# Kong Fillings?



## Rainheart (Nov 28, 2010)

Yogurt and some fruit/veggies!


----------



## lvlogan (Oct 31, 2011)

(I also feed NB Duck & Potato, love this food!)

Ok, so low fat plain yogurt and peanut butter (on each end so the yogurt doesn't leak)

I have filled it with non-sweetened apple sauce and blueberries (berries in each end)

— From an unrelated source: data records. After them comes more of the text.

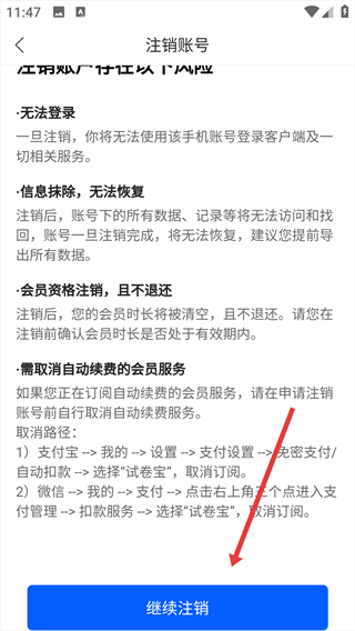 4、阅读注销须知,确认后点击页面底部的【继续注销】按钮,完成账号注销操作。
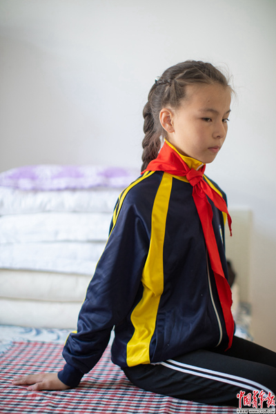 可可托海镇,11岁的“矿四代”阿勒特耐在爷爷奶奶家中。爷爷是这里的老矿工。
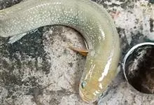 海鳗是鳗鲡目海鳗科海鳗属鱼类。海鳗身体延长,头呈锥状,吻尖而突出,眼椭圆形;躯干部近圆柱状,身体背部及体侧深褐色或银灰色,腹部乳白色;体表无鳞,皮肤光滑;侧线孔明显;背鳍、臀鳍、尾鳍发达并相连,…全部>>
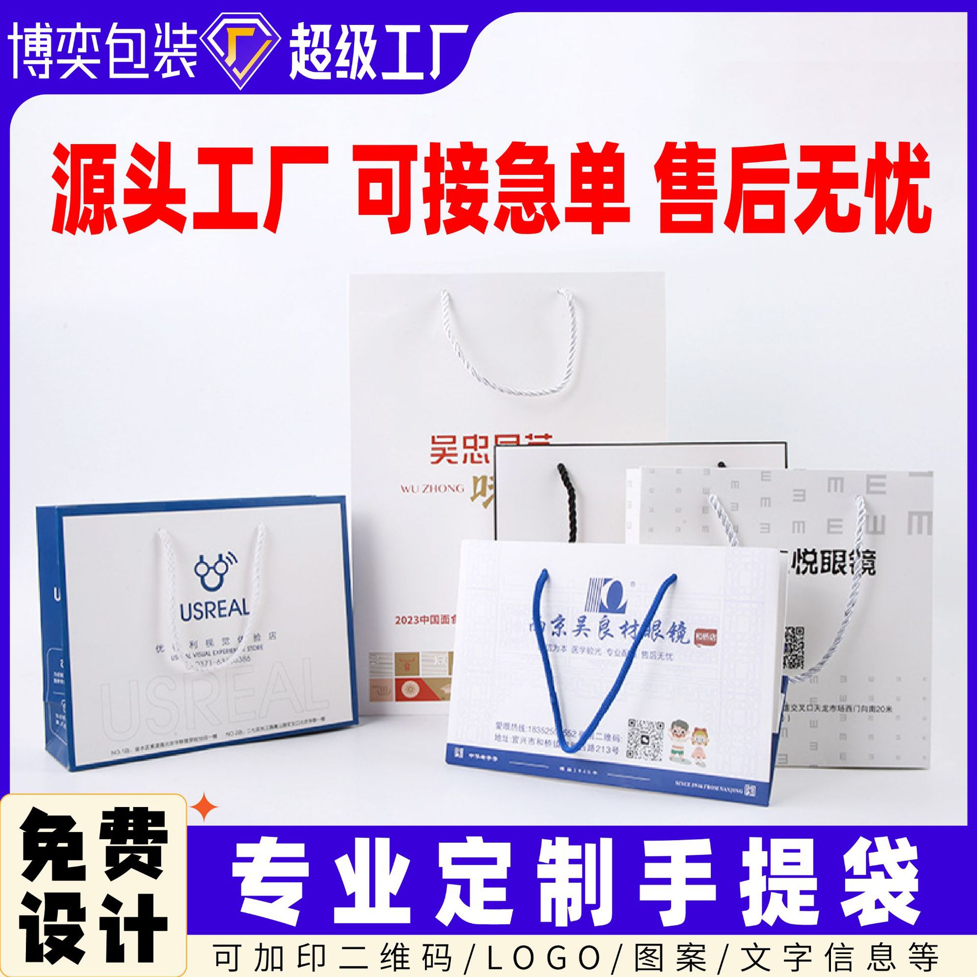 핸드백, 선물 가방, 포장 및 인쇄, 광고 안경, 기업 홍보용 휴대용 종이 가방, 맞춤형 로고, 국경 간 전문 공급
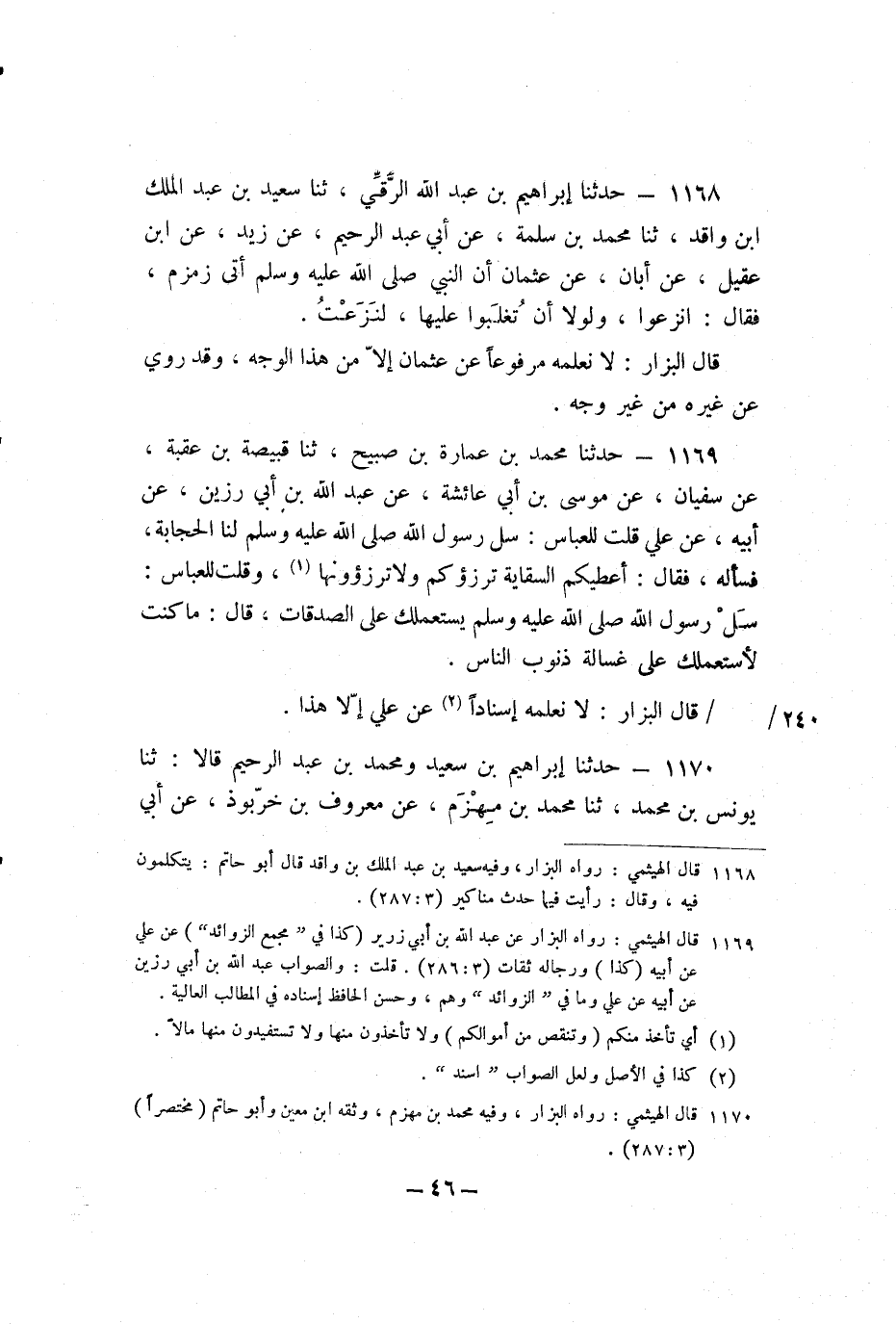 1168 - حَدَّثَنَا إِبْرَاهِيمُ بْنُ عَبْدِ اللَّهِ الرَّقِّيُّ، ثنا سَعِيدُ بْنُ عَبْدِ الْمَلِكِ بْنِ وَاقِدٍ، ثنا مُحَمَّدُ بْنُ سَلَمَةَ، عَنْ أَبِي عَبْدِ الرَّحِيمِ، عَنْ زَيْدٍ، عَنِ ابْنِ عُقَيْلٍ، عَنْ أَبَانٍ، عَنْ عُثْمَانَ، أَنَّ النَّبِيَّ صَلَّى اللَّهُ عَلَيْهِ وَسَلَّمَ أَتَى زَمْزَمَ، فَقَالَ: انْزِعُوا، وَلَوْلا أَنْ تُغْلَبُوا عَلَيْهَا، لَنُزِعَتْ.

I cover the ends with aluminum foil and freeze the kongs before giving them to the kids. Everybody loves them

You could also throw a bunch of vegetables, a lean meat and some chicken broth (low sodium) in your blender and smush that into the kong too.


----------



## Red the super dog (Nov 9, 2011)

we use peanut butter and bananas in the kong.


----------



## Pammie (Jan 22, 2011)

I use cottage cheese and mushed banana with a couple pieces of kibble mixed in.


----------



## Mosby's Mom (Oct 19, 2011)

My puppy has a sensitive tummy, and he loves his KONG filled with mushed banana and blueberry yogurt! I usually put a couple pieces of kibble in the bottom to keep it from leaking out the small hole, and freeze them overnight before giving them to him. He also loves peanut butter and banana mushed up together in there as well, but only a little PB or it's too rich for him.


----------



## desi.n.nutro (Mar 18, 2011)

I use the Natural Choice Crunchy treats. As I have said before... the apple are their favorite. The berry is what they like next. Then the carrot Crunchy Treats are the least favorite yet they love baby carrots? One of our sales reps would eat the apple ones. I always say that says a lot about the treats because he has been to the facility where they make them.


----------



## Amberbark (Oct 5, 2011)

*Thanks!*

Thanks all for the great suggestions! :wavey:


----------



## ashleylp (Jul 23, 2011)

I made a jar of peanut butter mixed with plain yogurt mixed with flax seeds for Remy. I mixed it all together and keep it in the fridge. He LOVES it and it's not too much peanut butter but still has the flavor... if he gets too much peanut butter his poo starts to be of similar substance... :/ haha


----------